3/10/08
Sally E Merry
Sally Engle Merry is Professor of Anthropology and of Law and Society at New York University. Her work explores the role of law in urban life in the US, in the colonizing process, and in contemporary transnationalism. She is currently doing a comparative, transnational study of human rights and gender. She was previously on the faculty of Wellesley College, where she was the Marion Butler McLean Professor in the History of Ideas and Professor of Anthropology. Her recent books are Colonizing Hawai’i: The Cultural Power of Law (Princeton Univ.
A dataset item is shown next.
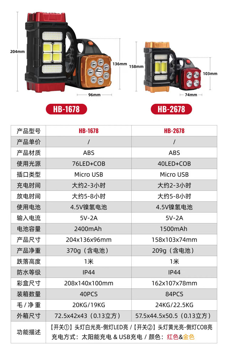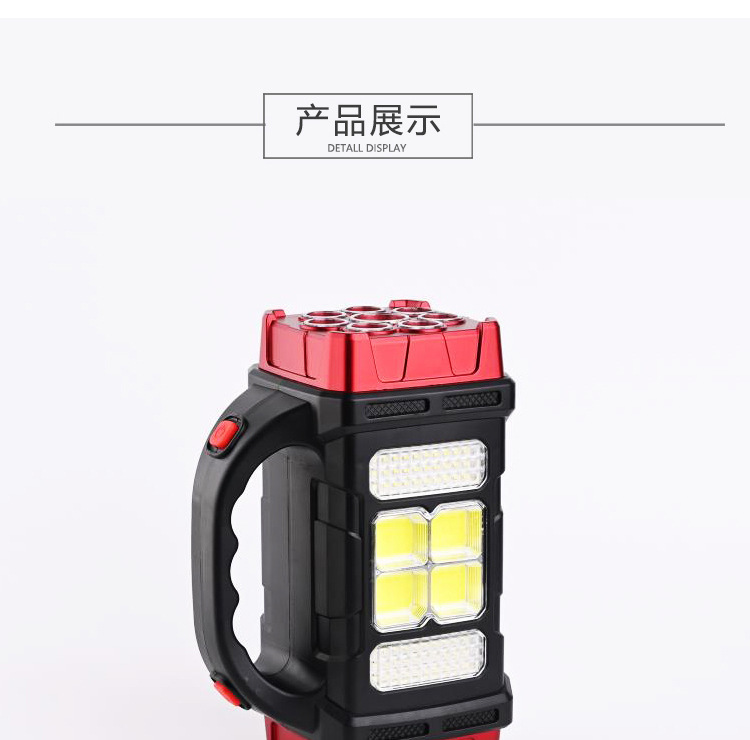 국경 간 태양 손전등 강한 빛 충전 긴 내구성 다기능 작업 빛 야외 비상 휴대용 서치 등

Press, 2000), which received the 2001 J. Willard Hurst Prize from the Law and Society Association, Human Rights and Gender Violence: Translating International Law into Local Justice (University of Chicago Press, 2006), and The Practice of Human Rights: Tracking Law between the Local and the Global, (co-edited with Mark Goodale; Cambridge University Press, 2007). She has authored or edited four other books: Law and Empire in the Pacific: Hawai’i and Fiji (co-edited with Donald Brenneis, School of American Research Press, 2004), The Possibility of Popular Justice: A Case Study of American Community Mediation (co-edited with Neal Milner, Univ. of Michigan Press, 1993), Getting Justice and Getting Even: Legal Consciousness among Working Class Americans (University of Chicago Press, 1990), and Urban Danger: Life in a Neighborhood of Strangers (Temple University Press, 1981). She has recently published articles on women's human rights, violence against women, and the process of localizing human rights. She is past-president of the Law and Society Association and the Association for Political and Legal Anthropology and currently a member of the Executive Boards of the American Anthropological Association and the Law and Society Association.